"The actor if you missed the long piece about it in the New York Times, or the many social media posts promoting Parker's involvement served as a judge for the Booker this year, a process that required her to read 153 books, some of them on the New York subway while being followed by a film crew. Oh let me try!!! Parker had posted to Booker organisers last year, and for reasons that became obvious this week, they did."
"I know what you are going to say; that anything short of full-throated support for Parker's adorable engagement with books in general and the Booker prize in particular is just unacceptable snobbery. There is nothing wrong with an actor involving herself in literary life or using her cultural weight to promote literacy. And it goes without saying we are all weepingly grateful to anyone with a platform bigger than that of the dowdy stay-at-home novelist who harnesses her glamour and spotlight for good."
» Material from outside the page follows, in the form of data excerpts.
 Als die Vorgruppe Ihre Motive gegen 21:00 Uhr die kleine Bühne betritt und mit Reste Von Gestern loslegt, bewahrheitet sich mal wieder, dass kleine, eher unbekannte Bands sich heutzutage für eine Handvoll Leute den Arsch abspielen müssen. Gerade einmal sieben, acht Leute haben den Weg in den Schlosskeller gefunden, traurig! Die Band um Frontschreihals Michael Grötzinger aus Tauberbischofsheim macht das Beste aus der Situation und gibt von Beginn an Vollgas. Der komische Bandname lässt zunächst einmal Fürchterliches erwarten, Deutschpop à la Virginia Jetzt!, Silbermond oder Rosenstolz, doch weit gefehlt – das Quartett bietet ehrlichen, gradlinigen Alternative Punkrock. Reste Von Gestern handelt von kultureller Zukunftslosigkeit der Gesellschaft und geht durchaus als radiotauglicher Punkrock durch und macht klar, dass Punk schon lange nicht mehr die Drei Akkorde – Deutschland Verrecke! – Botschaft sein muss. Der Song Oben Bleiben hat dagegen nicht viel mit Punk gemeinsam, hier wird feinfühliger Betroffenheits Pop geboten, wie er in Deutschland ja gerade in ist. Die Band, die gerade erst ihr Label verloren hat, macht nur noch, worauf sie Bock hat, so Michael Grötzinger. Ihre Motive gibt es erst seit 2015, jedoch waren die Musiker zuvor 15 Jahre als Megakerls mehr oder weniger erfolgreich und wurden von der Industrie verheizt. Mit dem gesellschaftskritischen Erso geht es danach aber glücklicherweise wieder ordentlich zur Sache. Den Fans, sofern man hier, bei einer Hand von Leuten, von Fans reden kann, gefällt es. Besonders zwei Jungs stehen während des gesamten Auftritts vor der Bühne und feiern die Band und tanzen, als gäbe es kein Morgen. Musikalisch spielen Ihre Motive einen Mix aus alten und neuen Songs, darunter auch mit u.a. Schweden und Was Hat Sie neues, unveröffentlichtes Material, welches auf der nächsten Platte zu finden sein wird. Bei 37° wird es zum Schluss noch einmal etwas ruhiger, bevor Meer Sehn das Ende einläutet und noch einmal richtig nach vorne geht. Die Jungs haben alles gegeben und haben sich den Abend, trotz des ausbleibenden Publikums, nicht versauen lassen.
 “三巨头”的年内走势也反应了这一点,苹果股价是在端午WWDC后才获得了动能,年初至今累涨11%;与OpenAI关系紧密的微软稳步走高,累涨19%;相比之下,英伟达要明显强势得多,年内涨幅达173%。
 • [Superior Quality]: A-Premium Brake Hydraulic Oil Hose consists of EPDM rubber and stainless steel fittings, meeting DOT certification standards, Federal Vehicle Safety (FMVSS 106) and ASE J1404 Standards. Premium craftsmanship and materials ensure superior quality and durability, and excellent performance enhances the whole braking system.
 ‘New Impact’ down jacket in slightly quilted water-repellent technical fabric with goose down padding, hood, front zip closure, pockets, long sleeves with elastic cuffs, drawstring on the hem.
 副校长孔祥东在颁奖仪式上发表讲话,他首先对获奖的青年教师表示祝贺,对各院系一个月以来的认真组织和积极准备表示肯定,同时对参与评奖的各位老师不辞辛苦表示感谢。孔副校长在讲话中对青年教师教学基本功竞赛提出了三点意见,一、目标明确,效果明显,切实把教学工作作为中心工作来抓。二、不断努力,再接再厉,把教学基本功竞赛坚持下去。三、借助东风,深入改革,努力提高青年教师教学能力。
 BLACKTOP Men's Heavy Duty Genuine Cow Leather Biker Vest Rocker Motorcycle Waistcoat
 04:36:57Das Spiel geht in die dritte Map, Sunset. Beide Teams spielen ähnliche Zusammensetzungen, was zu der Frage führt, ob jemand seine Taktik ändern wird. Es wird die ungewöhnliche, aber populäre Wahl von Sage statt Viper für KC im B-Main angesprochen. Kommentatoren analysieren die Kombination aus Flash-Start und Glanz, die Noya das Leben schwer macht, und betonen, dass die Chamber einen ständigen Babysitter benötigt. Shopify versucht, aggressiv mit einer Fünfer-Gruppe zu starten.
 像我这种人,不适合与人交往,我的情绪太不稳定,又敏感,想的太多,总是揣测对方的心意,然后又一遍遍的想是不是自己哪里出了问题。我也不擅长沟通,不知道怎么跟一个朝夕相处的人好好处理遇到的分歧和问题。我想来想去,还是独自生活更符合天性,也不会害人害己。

People seek small joys in celebrity appearances at literary events. Sarah Jessica Parker served as a Booker judge and read 153 books, sometimes on the New York subway while followed by a film crew. Literary figures crowded award-ceremony photographs with Parker. Celebrity book clubs and star endorsements operate as PR extensions comparable to animal-charity work or UN ambassadorships and can elevate attention to literature. Celebrity-curated bookish imagery often feels performative, using glamour to validate reading. Examples include Natalie Portman posing with Virginia Woolf, Emma Roberts pictured with a Joan Didion anthology, and Kaia Gerber styling reading as sexy. Such trends provoke questions about authenticity, snobbery, and commodification of reading.